Menghadapi dua model ideologi transnasional tersebut – liberalisme Barat dan Islam ideologis Timur Tengah – NU berihktiar untuk menjadikan model tawassuth dan i’tidal (pola pikir moderat). Artinya, NU senantiasa bersikap tawazun (seimbang) dalam menyikapi bebagai pesoalan, termasuk ideologi transnasional.
Dengan tawasuth dan I’tidal, NU senantiasa bersikap dan bertindak lurus dan selalu bersifat membangun serta menghindari segala bentuk pendekatan yang bersfat tatharruf (ekstrim), baik itu ekstim kiri (liberalisme) maupun ekstim kanan (fundamentalisme).

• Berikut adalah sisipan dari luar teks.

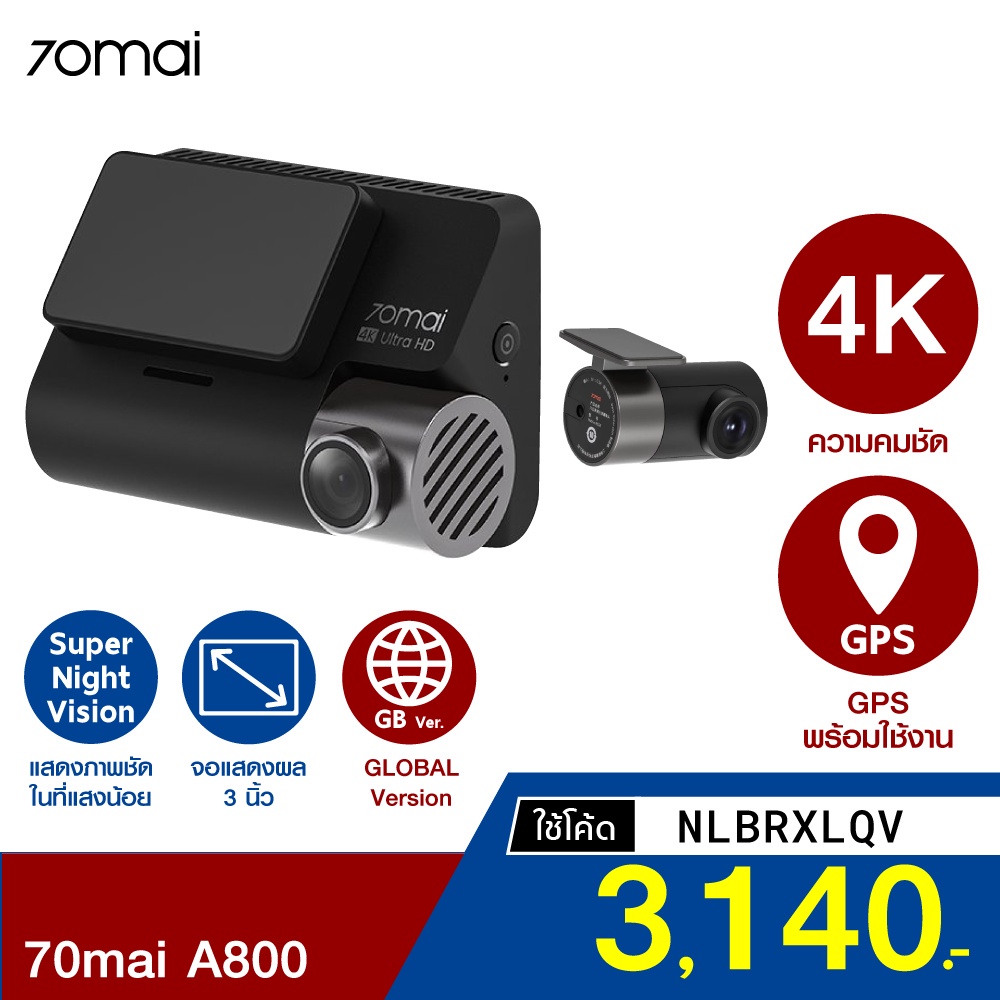 | ThaiSuperCam | 7845406256 | 74249701853 | ศูนย์ไทย [เหลือ 3140 บ. โค้ด NLBRXLQV] 70mai A800 4K GPS ในตัว กล้องรถยนต์ (GB Ver.) กล้องหน้า 4K-หลัง FHD -1Y | [object Object] | 3,749.00 | 3,561.55 | 1 | 0 | 0.00 | 3,699.00 | 3,514.05 | 2 | 3 | 30 | 20 | 70,281.00 | 0% | 3,699.00 | 0 | 0% | 0 | ||||||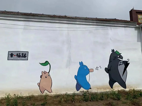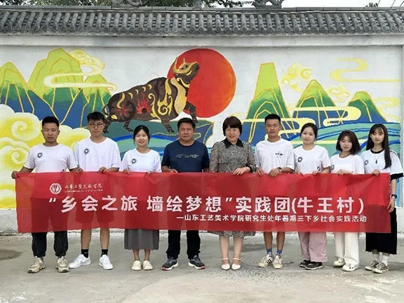 从一开始抱怨天气炎热到后来苦中作乐;从一点一点的临摹涂鸦到后来的自我发挥,墙绘的魅力在一天天的工作中展现出来。“我好想留在这里生活,虽然中午太阳大点,但是气候真的太舒服了!”同学们发自心的喜欢正是对牛王村最好的认可,村长村民欣慰的笑容也是对小分队工作最好的褒扬。助力美好乡村建设,是每一个青年应当肩负的责任,山工艺学子在这个机遇上,也应当付起相应的努力。每面墙绘都凝聚了研究生对牛王村村文化的理解和寄托,不仅丰富了乡村文化生活,也扮靓了乡村环境,形成了颇具特色的文化景观,让村民可以感受到家乡的另一番景色。经过四天的精雕细琢,济阳区牛王村手绘的墙面终于完成了,虽然同学们的脸上、衣服上不免沾染了一些颜料,当看到自己辛勤劳动付出换来的成果,都感到非常欣慰。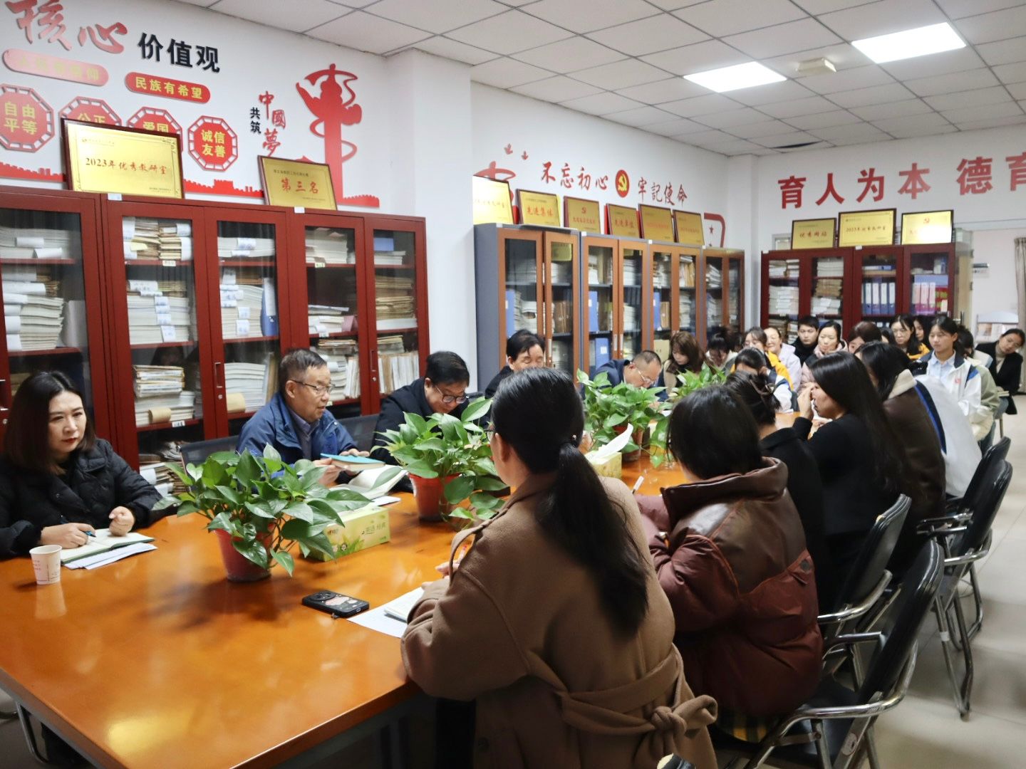 为推动马克思主义学院内涵式发展,全面了解思政课改革建设情况及“到延安去”•三秦学子圣地行活动的开展情况,10月23日上午9点,校长姜寿山、党委书记王岗到马克思主义学院调研指导。马克思主义学院院长颜毓洁、副院长朱旭、教师及学生代表参加会议。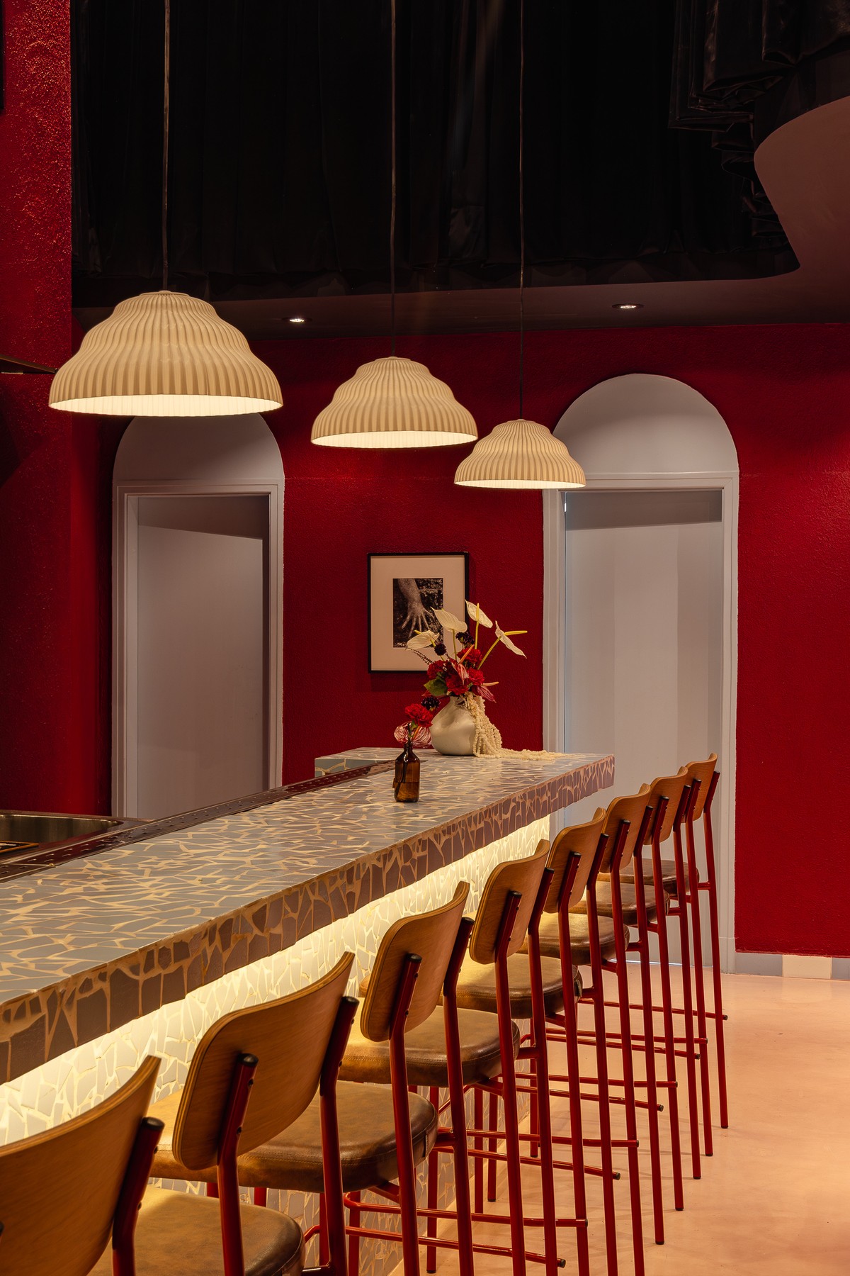 Da janela, é o horizonte que define o tom do projeto. O azul se desdobra como uma paisagem contínua, diluindo as fronteiras entre interior e exterior, realidade e ficção. Aqui, não estamos apenas em Marselha: estamos também dentro de Vinte Mil Léguas Submarinas, um clássico escrito por Júlio Verne. Essa é a referência literária que guia a imaginação de Anthony Authié, fundador do estúdio responsável pelo projeto, que descreve o espaço como “uma reinterpretação livre de uma paisagem subaquática”.

Karena didasarkan pada fakta dan pengalaman dalam konteks Indonesia, baik dalam proses kemerdekaan maupun dalam proses mengisi kemerdekaan, dan bahkan dalam proses mewujudkan perdamaian dunia, model Islam moderat inilah yang mudah diterima.
Oleh karena itu, NU meyakini bahwa model Islam moderat yang bisa menjadi alternatif Islam internasional, karena landasannya sangat qurani, yaitu membawa misi Islam rahmatan lil ‘alamin/menjadi rahmat bagi semesta alam (QS. 21:107). Sebagai ormas Islam terbesar di dunia, NU mempunyai tanggungjawab untuk menciptakan wajah Islam yang damai dan ramah, serta menentang Islam ideologis yang selalu menggunakan pendekatan radikalisme dan kekerasan, seperti Majelis Mujahidin.